**The input**
====

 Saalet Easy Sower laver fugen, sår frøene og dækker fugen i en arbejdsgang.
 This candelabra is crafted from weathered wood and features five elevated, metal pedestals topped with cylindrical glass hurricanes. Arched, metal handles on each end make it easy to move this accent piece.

====

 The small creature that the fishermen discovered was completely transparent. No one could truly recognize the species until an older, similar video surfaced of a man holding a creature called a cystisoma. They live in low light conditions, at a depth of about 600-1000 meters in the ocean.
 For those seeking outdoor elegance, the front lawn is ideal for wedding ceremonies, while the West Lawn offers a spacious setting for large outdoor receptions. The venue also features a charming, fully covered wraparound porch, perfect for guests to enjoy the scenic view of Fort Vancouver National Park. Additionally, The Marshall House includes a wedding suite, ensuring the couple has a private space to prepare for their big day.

====

**Exercise instructions**
Within the material above, extract exactly the lines that start at the line containing "Saalet Easy Sower" and stop after the line containing "This candelabra is", and only those.

**Written response**
 Saalet Easy Sower laver fugen, sår frøene og dækker fugen i en arbejdsgang.
 This candelabra is crafted from weathered wood and features five elevated, metal pedestals topped with cylindrical glass hurricanes. Arched, metal handles on each end make it easy to move this accent piece.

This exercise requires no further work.